La lettre de ''L'Express''

Sur divers interdictions d'émissions par le ministre de l'Information, M. Terrenoire.
Que se passe-t-il au ministère de l'Information ? Qui a peur de quoi ? D'où viennent les consignes ? Et y a-t-il des consignes ? Lesquelles ?
Quatre incidents en moins de quinze jours justifient que l'on se demande ce qui l'emporte de la pagaïe, de la désinvolture ou de la couardise. Encore ces trois hypothèses sont-elles également optimistes.
Le 3 mars, dans le cadre de l'émission animée par M. Jacques Donot, un débat sur la bombe atomique française est annoncé, avec la participation de divers journalistes étrangers.
M. Chavanon, directeur général de la K.T.F., et M. Thibault, directeur des informations et de l'actualité télévisées, en ont pris personnellement connaissance et l'ont approuvée.
Une demi-heure avant la diffusion publique, l'émission est interdite. Ordre de M. Terrenoire, ministre de l'Information.
Le 8 mars, une séquence de « Cinq colonnes à la une » consacrée à des interviews réalisées parmi des officiers et des soldats d'Algérie est annoncée. Le ministre des Armées, M. Messmer, et un représentant de l'Elysée en ont pris personnellement connaissance et l'ont approuvée.
Le 4, en l'absence du ministre, un membre de son cabinet interdit l'émission. Il faut attendre le retour de M. Messmer pour qu'une projection différée soit diffusée.
Le 9 mars, un portrait en images de M. Krouchtchev, préparé par Frédéric Rossif et commenté par Serge Groussard, est annoncé. Un dangereux révolutionnaire participe à l'émission, M. Marcel Boussac.
La diffusion est d'abord ajournée au 13. Ordre de M. Terrenoire, ministre de l'Information, qui exige des coupures. Serge Groussard se montre compréhensif, mais dans les limites de la bonne foi. Le 13, les téléspectateurs attendent en vain. L'émission n'a pas lieu.
Le 17 mars, une discussion et des documents sur « Le malaise agricole » sont prévus au programme. Des représentants des syndicats et des jeunesses agricoles, un député U.N.R. y participent. Le ministre de l'Agriculture interviendra à la fin, en « direct ».
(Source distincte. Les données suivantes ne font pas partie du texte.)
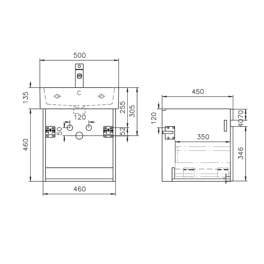Lodge Waschtischunterschrank 46 cm mit 1 Auszug für Waschtisch Duravit Vero Air

L'émission est en cours de montage. Personne n'en connaît encore l'exact déroulement. Le 15, elle est « ajournée ». Ordre de M. Terrenoire, ministre de l'Information.
celui-ci est-il au courant ? C'est possible. Ce n'est pas certain, car, dans ce qui tient lieu de gouvernement, les ordres ont une curieuse propension à se répercuter de bas en haut et non de haut en bas. Interprétation originale de l'organisation démocratique.
Cependant, nombreux sont ceux qui, dans l'attitude du ministre théoriquement responsable de la Télévision, croient déceler une excessive fidélité à l'étymologie.
« Information » selon Littré : du latin informationem qui signifie action de former, de façonner.
Mais non. Ils sont en avance sur l'événement. On ne forme bien que de la pâte molle. Informer, ce sera pour plus tard. Il faut d'abord désinformer, désapprendre à voir, à savoir, à entendre, à comprendre.
L'Algérie ? Un petit problème. La bombe ? Un petit détail. M. Krouchtchev ? Un petit monsieur. Le malaise agricole ? Un petit incident.
Téléspectateurs, ne vous inquiétez pas. Papa est là, Papa s'en occupe. On vous demande simplement de ne pas faire de bruit pendant qu'il travaille. Ouvrez votre poste et soyez bien sages : M. Terrenoire va vous montrer des images.